** Opening PROVIDED RECORDS block **

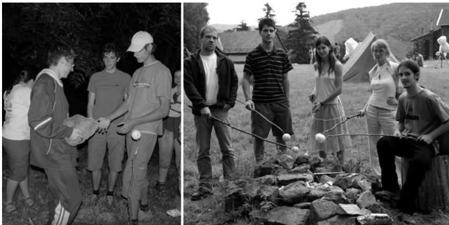
Balra: az XO-3b jelű exobolygónak a Jupiternél 1,2-szer nagyobb méretének (fehér gömb), és 11,8 jupitertömegének (szikla) szemléltetése. Jobbra: szalonnasütés exobolygó módra. A nyársak végén frissen készült forró Jupiter-modellek láthatók

Az exobolygók közül a modellben az alábbiakat tüntettük fel: HD 149026b, HD 209458b, TrES-3, HD 17156b, XO-3b, amelyek átmérője a Jupiterének 0,72 és 1,4-szerese, tömege pedig 0,36 és 11,8-szerese között volt. Mind forró Jupiter típusú égitest, amelyek a valóságban 0,02 és 0,16 CSE távolság között keringnek központi csillaguktól. Egyetlen
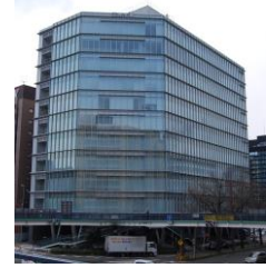
三井生命名古屋ビル
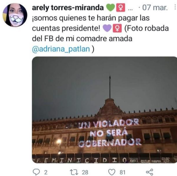
Imagen 5. Tuit #UnVioladorNoSeráGobernador

Resultó llamativa la interpelación al partido en el poder por parte de las activistas, que reafirmó la conformación del feminismo como un bloque no complaciente con el gobierno en turno, como en otros sexenios, geografías y contextos, independientemente de su filiación partidista. En este sentido, destacó la intervención en Palacio Nacional como una clara acción tecnopolítica a partir de la proyección de la frase “Un violador no será gobernador” en el edificio que alberga el máximo poder político en México (imagen 5).
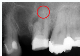
⑤ P:根尖部に既根充材が残存している
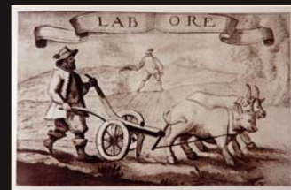
(9) Orba a siatie, drevoryt J. Hiebnera, 1662
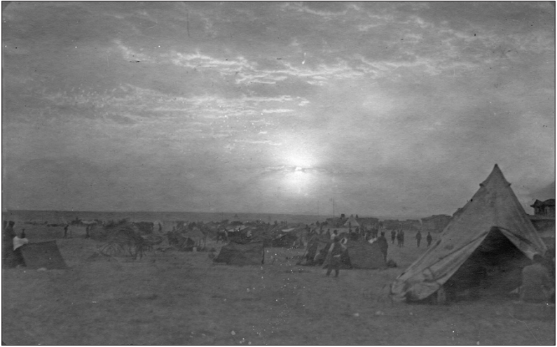
Προσωρινός καταυλισμός της Στρατιάς Μικράς Ασίας κατά την εκστρατεία προς την Άγκυρα, ανατολικά του Σαγγάριου ποταμού.
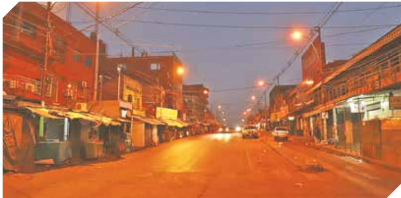
Pequeños comercios del Mercado N° 4 cumplen las medidas.

Es bien claro que el mayor capital de una organización es su recurso humano, teniendo en cuenta esta premisa muchas empresas se ajustan a las indicaciones. Sin embargo, existe un porcentaje que no logra adelantarse por la falta de garantías y la necesidad de generar ingresos para pagar salarios, y cumplir con las obligaciones.
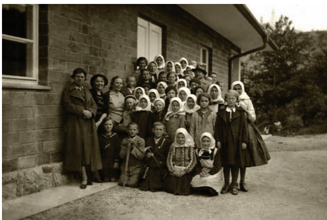
Skupinová fotografia z roku 1938
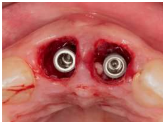
Figura 15 – Presença de gap no alvéolo dos dentes 11 e 21

Ao final desta etapa foi possível identificar a presença de gap com aproximadamente 10 mm (Figura 15), sendo uma consequência da perda óssea. Devido a isso, foi necessário utilizar enxerto ósseo cuidadosamente adaptado entre o osso remanescente e os implantes.
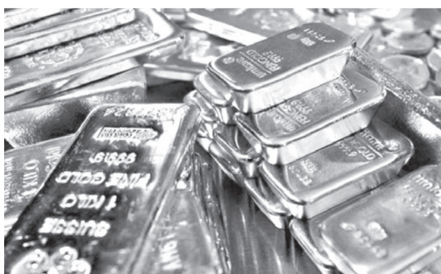
Lingotes y monedas de oro en una joyería de Munich.

Según un comunicado institucional, la operación inicial fue efectuada el 17 de junio de 2025 por la anterior adminis-
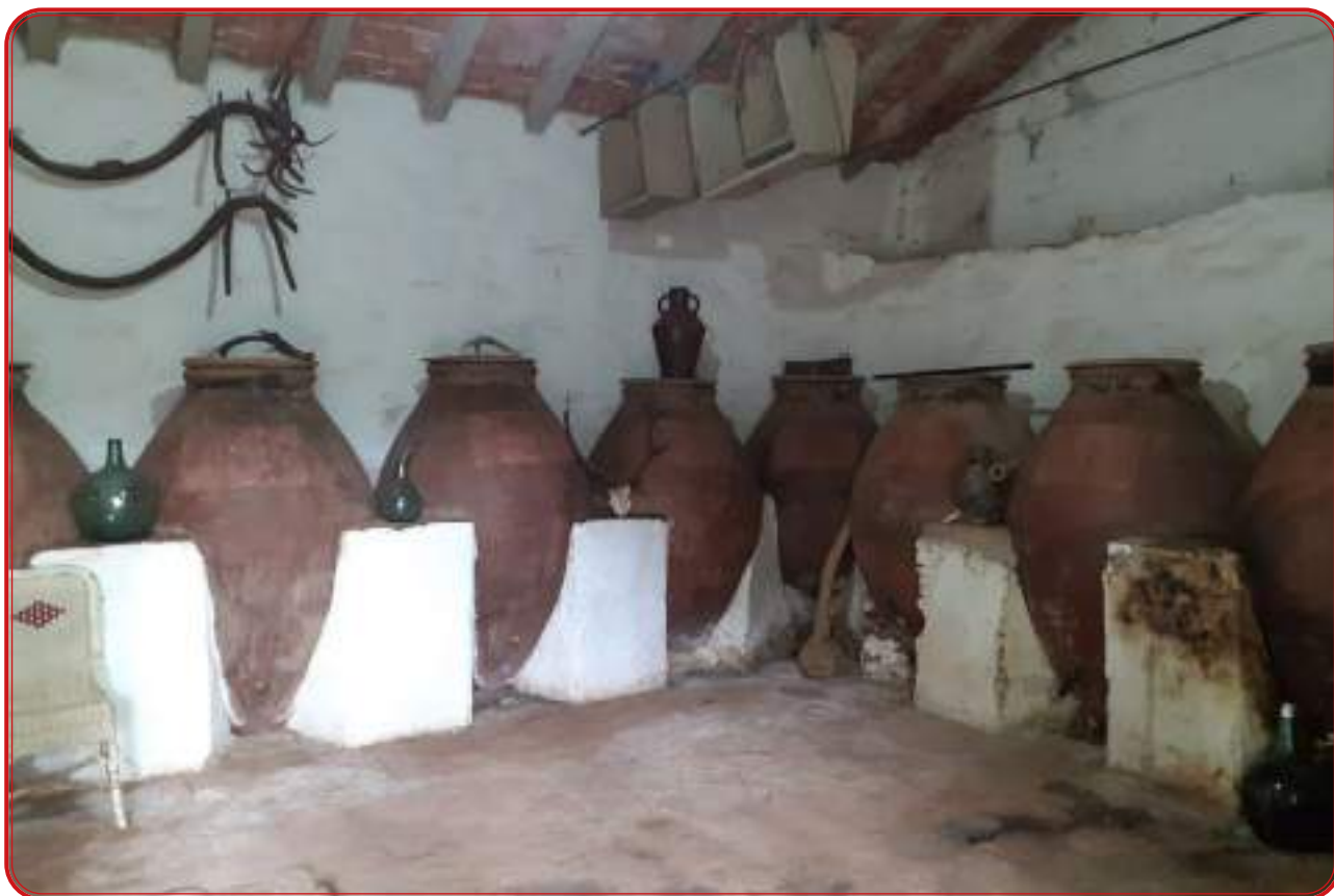
Lagar de El Cañaverál, término de Pozoblanco.

más amplios, es evidente que los vecinos de Pozoblanco siempre prefirieron cuidar de sus viñedos en la Sierra. En cuanto a las viñas cercanas al casco urbano, se cultivaban en todo el entorno de San Antonio en dirección a la zona de El Silo y La Salchi (Mimbreras) y en la zona ubicada tras el actual polígono industrial de La Emiliana (Cañada Honda). Por referencias orales y trabajo de campo, sabemos que las fincas de Pedrique y El Cañaverál, cuyos caseríos fueron lagares, en el extremo sur del término pozoalbense, contaron con destacables viñedos. También la zona del Llano del Platero, junto al río Cuzna, en la carretera de Villaharta, donde también existió un lagar, estuvo plantada de viñas. Por las minutas cartográficas y por comprobaciones sobre el terreno tenemos constancia de la existencia de un amplio viñedo en el paraje de Los Llanos de Villaharta, también en el extremo sur del término.
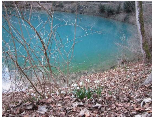
Blautopf - Die Farbe Türkis

Die Farbe Türkis steht für Wahrheit, Klarheit, Erfahrung und Erkenntnis. Diese Farbe findet man in den Farben der Eisberge und des Gletschereises. Daher wird Türkis als die kälteste aller Farben empfunden. Mit dieser Farbe verbindet man Beharrlichkeit und Stehvermögen, sowie konzentrierte Spannung. Sie symbolisiert aber auch Unabhängigkeit, Eigenständigkeit, Gelassenheit und Ehrlichkeit.
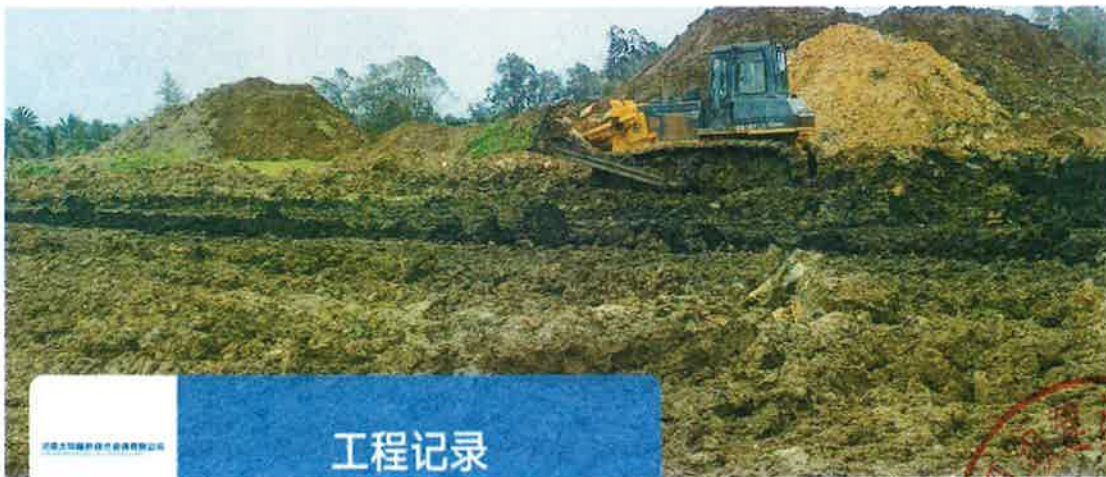
3号地块施工中（土地平整）
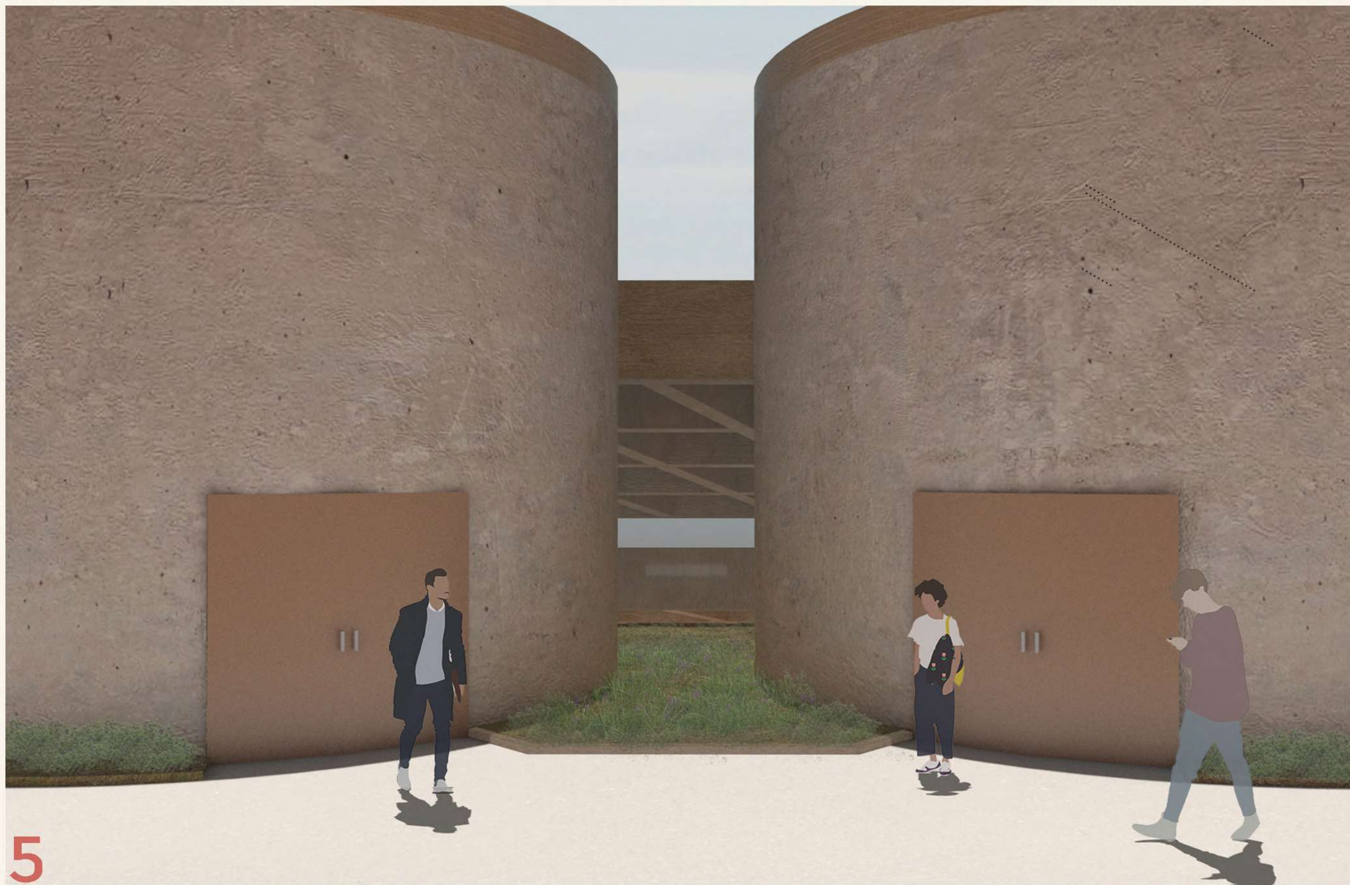
5 Nivel Superior y silos con nueva funcionalidad de auditorio

** Closing PROVIDED RECORDS block **

→ WHAT TO DO
Each record must be repeated exactly, and no picture may be carried over.

→ WRITTEN ANSWER
Balra: az XO-3b jelű exobolygónak a Jupiternél 1,2-szer nagyobb méretének (fehér gömb), és 11,8 jupitertömegének (szikla) szemléltetése. Jobbra: szalonnasütés exobolygó módra. A nyársak végén frissen készült forró Jupiter-modellek láthatók

Az exobolygók közül a modellben az alábbiakat tüntettük fel: HD 149026b, HD 209458b, TrES-3, HD 17156b, XO-3b, amelyek átmérője a Jupiterének 0,72 és 1,4-szerese, tömege pedig 0,36 és 11,8-szerese között volt. Mind forró Jupiter típusú égitest, amelyek a valóságban 0,02 és 0,16 CSE távolság között keringnek központi csillaguktól. Egyetlen
三井生命名古屋ビル
Imagen 5. Tuit #UnVioladorNoSeráGobernador

Resultó llamativa la interpelación al partido en el poder por parte de las activistas, que reafirmó la conformación del feminismo como un bloque no complaciente con el gobierno en turno, como en otros sexenios, geografías y contextos, independientemente de su filiación partidista. En este sentido, destacó la intervención en Palacio Nacional como una clara acción tecnopolítica a partir de la proyección de la frase “Un violador no será gobernador” en el edificio que alberga el máximo poder político en México (imagen 5).
⑤ P:根尖部に既根充材が残存している
(9) Orba a siatie, drevoryt J. Hiebnera, 1662
Προσωρινός καταυλισμός της Στρατιάς Μικράς Ασίας κατά την εκστρατεία προς την Άγκυρα, ανατολικά του Σαγγάριου ποταμού.
Pequeños comercios del Mercado N° 4 cumplen las medidas.

Es bien claro que el mayor capital de una organización es su recurso humano, teniendo en cuenta esta premisa muchas empresas se ajustan a las indicaciones. Sin embargo, existe un porcentaje que no logra adelantarse por la falta de garantías y la necesidad de generar ingresos para pagar salarios, y cumplir con las obligaciones.
Skupinová fotografia z roku 1938
Figura 15 – Presença de gap no alvéolo dos dentes 11 e 21

Ao final desta etapa foi possível identificar a presença de gap com aproximadamente 10 mm (Figura 15), sendo uma consequência da perda óssea. Devido a isso, foi necessário utilizar enxerto ósseo cuidadosamente adaptado entre o osso remanescente e os implantes.
Lingotes y monedas de oro en una joyería de Munich.

Según un comunicado institucional, la operación inicial fue efectuada el 17 de junio de 2025 por la anterior adminis-
Lagar de El Cañaverál, término de Pozoblanco.

más amplios, es evidente que los vecinos de Pozoblanco siempre prefirieron cuidar de sus viñedos en la Sierra. En cuanto a las viñas cercanas al casco urbano, se cultivaban en todo el entorno de San Antonio en dirección a la zona de El Silo y La Salchi (Mimbreras) y en la zona ubicada tras el actual polígono industrial de La Emiliana (Cañada Honda). Por referencias orales y trabajo de campo, sabemos que las fincas de Pedrique y El Cañaverál, cuyos caseríos fueron lagares, en el extremo sur del término pozoalbense, contaron con destacables viñedos. También la zona del Llano del Platero, junto al río Cuzna, en la carretera de Villaharta, donde también existió un lagar, estuvo plantada de viñas. Por las minutas cartográficas y por comprobaciones sobre el terreno tenemos constancia de la existencia de un amplio viñedo en el paraje de Los Llanos de Villaharta, también en el extremo sur del término.
Blautopf - Die Farbe Türkis

Die Farbe Türkis steht für Wahrheit, Klarheit, Erfahrung und Erkenntnis. Diese Farbe findet man in den Farben der Eisberge und des Gletschereises. Daher wird Türkis als die kälteste aller Farben empfunden. Mit dieser Farbe verbindet man Beharrlichkeit und Stehvermögen, sowie konzentrierte Spannung. Sie symbolisiert aber auch Unabhängigkeit, Eigenständigkeit, Gelassenheit und Ehrlichkeit.
3号地块施工中（土地平整）
5 Nivel Superior y silos con nueva funcionalidad de auditorio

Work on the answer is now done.